Table 3 lists the possible causes for the switch to generate a temperature alarm and the respective remedies.

Table 3: Causes and Remedies for Temperature Alarms

Cause

Remedy

Ambient temperature is above threshold temperature.

Ensure that the ambient temperature is within the threshold temperature limit. See Environmental Requirements and Specifications for EX Series Switches.

Fan module or fan tray has failed.

  • Check the fan.

  • Replace the faulty fan module or fan tray.

  • If the above two checks show no problems, open a support case using the Case Manager link at https://www.juniper.net/support/ or call 1-888-314-5822 (toll-free within the United States and Canada) or 1-408-745-9500 (from outside the United States).

Restricted airflow through the switch due to insufficient clearance around the installed switch.

Ensure that there is sufficient clearance around the installed switch. See the following topics to understand the clearance requirements of various EX Series switches.

Understand Alarm Types and Severity Levels on EX Series Switches

Note

This topic applies only to the J-Web Application package.

Alarms alert you to conditions that might prevent normal operation of the switch. Before monitoring alarms on a Juniper Networks EX Series Ethernet switch, become familiar with the terms defined in Table 4.

Table 4: Alarm Terms

Term

Definition

alarm

Signal alerting you to conditions that might prevent normal operation. On a switch, the alarm signal is the ALM LED lit on the front of the chassis.

alarm condition

Failure event that triggers an alarm.

alarm severity

Seriousness of the alarm. If the Alarm (ALM) LED is red, this indicates a major alarm. If the Alarm LED is yellow or amber, this indicates a minor alarm. If the Alarm LED is unlit, there is no alarm or the switch is halted.

chassis alarm

Preset alarm triggered by a physical condition on the switch such as a power supply failure, excessive component temperature, or media failure.

system alarm

Preset alarm triggered by a missing rescue configuration or failure to install a license for a licensed software feature.

Note: On EX6200 switches, a system alarm can be triggered by an internal link error.

Alarm Types

The switch supports these alarms:

  • Chassis alarms indicate a failure on the switch or one of its components. Chassis alarms are preset and cannot be modified.

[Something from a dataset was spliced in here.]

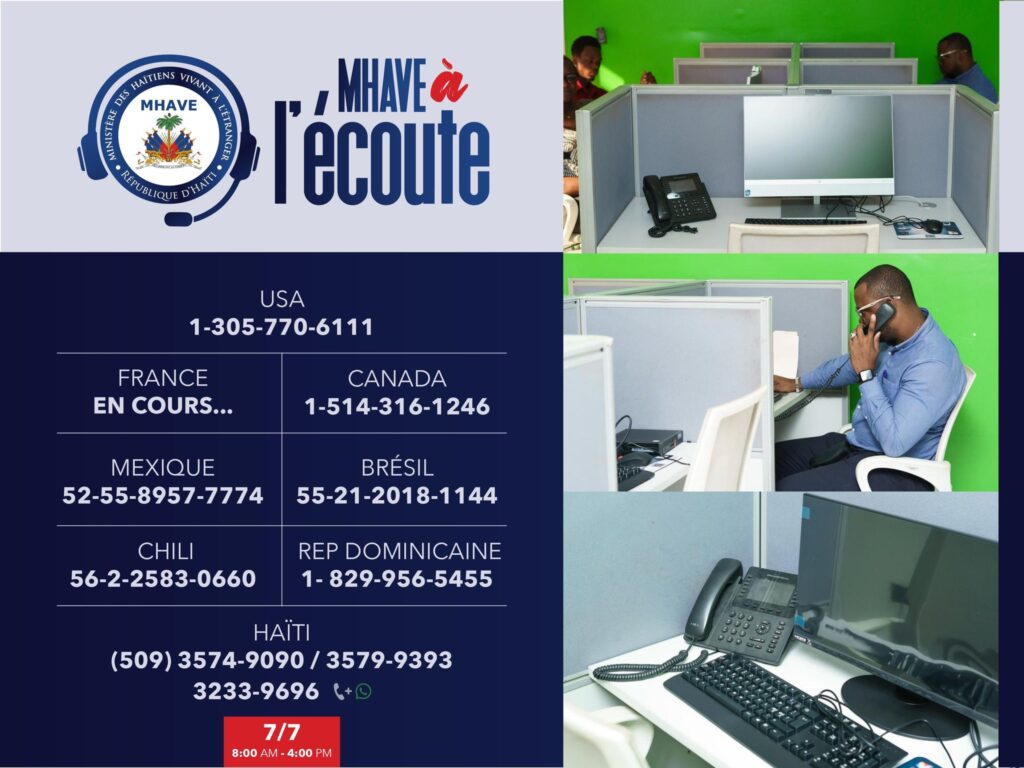 Ministè Ayisyen kap viv lòtbò yo (MHAVE) ap anonse tout moun sèvis ” MHAVE à l’Écoute ” la ap mache kòmsadwa pou pran doleyans tout frè n ak sè n ki nan Dyaspora. Apati jodi a tout liy telefòn sèvis la disponib pou resevwa apèl ki sòti nan Dyaspora. Objektif : Fasilite swivi dosye nou yo devan enstitisyon leta Ayisyen yo epi garanti yon bon jan sipò rapid ak efikas. Konpoze nimewo sa yo : USA : 1-305-770-6111 Kanada : 1-514-316-1246 Brezil : 55-21-2018-1144 Repiblik Dominikèn : 1-829-956-5455 Chili : 56-2-2583-0660 Mexique : 52-55-8957-7774 Ayiti : (509)4289-8888 / 3270-8888/ 3574-9090 / 3579-9393 (+509) 3233-9696 (WhatsApp disponib ) Orè sèvis : 7 jou sou 7, de 8h00 AM a 4h00 PM. Nou la pou nou sipòte w ! Nou pran tout pwoblèm ou yo oserye epi nou angaje nou pou nou ba w bon jan asistans. MHAVE, toujou pi pre dyaspora li !
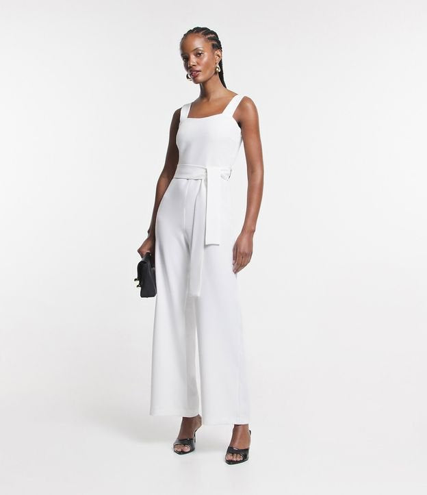 Macacão de crepe com alças e cinto de tecido em off-white da Renner - Experimente o conforto, a qualidade e o estilo em cada peça.

  • System alarms indicate a missing rescue configuration. System alarms are preset and cannot be modified, although you can configure them to appear automatically in the J-Web interface display or the CLI display.

Alarm Severity Levels

Alarms on switches have two severity levels:

  • Major (red)—Indicates a critical situation on the switch that has resulted from one of the following conditions. A red alarm condition requires immediate action.

    • One or more hardware components have failed.

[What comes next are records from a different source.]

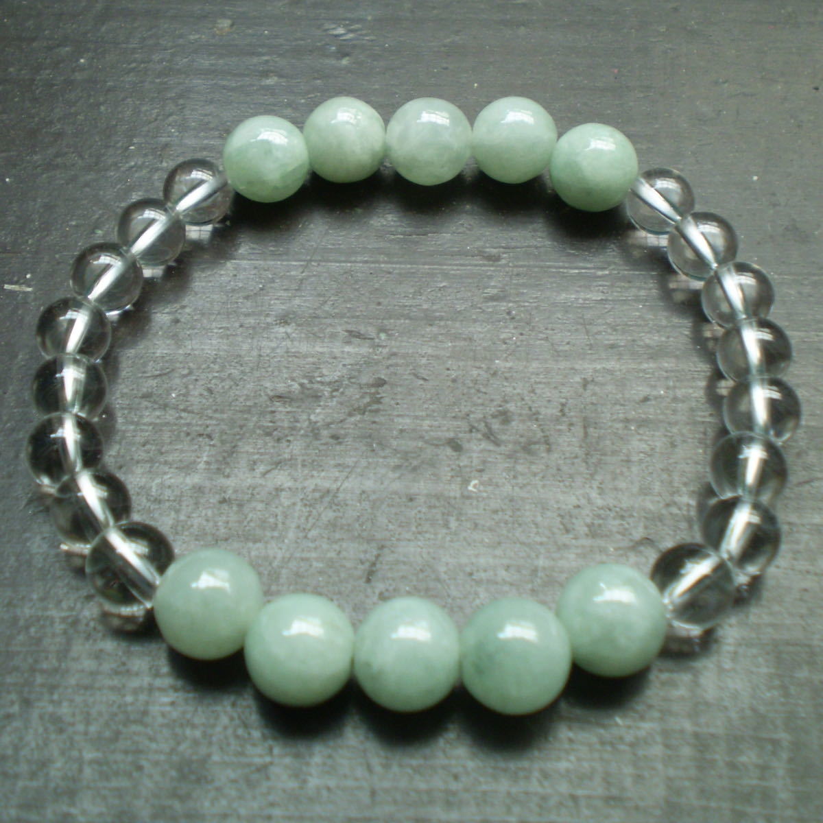 本翡翠・ジェダイトx水晶ブレスレット 天然石 パワーストーン
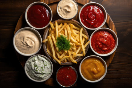 A variety of sauces and French fries are displayed on the table. These finger foods showcase the art of combining different ingredients to create delicious dishes in the world of cuisine
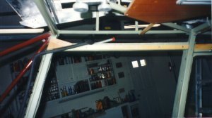 The rear floorboards on 97M were beyond repair, so I built new ones using Birch ply. I used 6 mm birch, and laminated strips of 5 mm birch roughly 3" wide along the perimeter and along the diagonals to maintain the original strength and to duplicate the original 1/2" thickness of the floorboards. Even though the panels are a half inch thick only along the perimeters and diagonals, they are heavier than the originals by about two pounds. Robert Hadow made floorboards using hobby store balsa for the core sandwiched between mahogany ply from Aircraft Spruce. I might make new rear floorboards using this method to save weight. Two piece rear floorboard on NC6197M. Cutout is for rear cabin heat vent. Another view of the rear floorboards

    • One or more hardware components have exceeded temperature thresholds.

    • An alarm condition configured on an interface has triggered a critical warning.

  • Minor (yellow or amber)—Indicates a noncritical condition on the switch that, if left unchecked, might cause an interruption in service or degradation in performance. A yellow or amber alarm condition requires monitoring or maintenance.

    A missing rescue configuration generates a yellow or amber system alarm.

Chassis Component Alarm Conditions on EX9253 Switches

This topic describes the chassis component alarm conditions on EX9253 switches.

Table 5 lists the alarms that the chassis components can generate on EX9253 switches.

Table 5: Chassis Component Alarm Conditions on EX9253 Switches

Chassis Component

Alarm Condition

Alarm Severity

Remedy

Alternative media

The switch boots from an alternate boot device, the secondary SSD. The primary SSD (SSD0) is typically the primary boot device. The Routing Engine boots from the secondary SSD (SSD1) when the primary boot device fails.

Minor (yellow)

Open a support case using the Case Manager link at https://www.juniper.net/support/ or call 1-888-314-5822 (toll free, US & Canada) or 1-408-745-9500 (from outside the United States).

Line Cards

A line card is offline.

Minor (yellow)

Check the line card. Remove and reinstall the line card. If this fails, replace the failed card.

A line card has failed.

Major (red)

Replace the failed line card.

A line card has been removed.

Major (red)

Install a line card in the empty slot.

Fan trays

A fan tray has been removed from the chassis.

Major (red)

Install the missing fan tray.

One fan in the chassis is not spinning or is spinning below required speed.

Major (red)

Replace the fan tray.

Hot swapping

Too many hot-swap interrupts are occurring. This message generally indicates that a hardware component that plugs into the switch’s backplane from the front (generally, an FPC) is broken.

Major (red)

Replace the failed components.

Power supplies

A power supply has been removed from the chassis.

Minor (yellow)

Install a power supply in the empty slot.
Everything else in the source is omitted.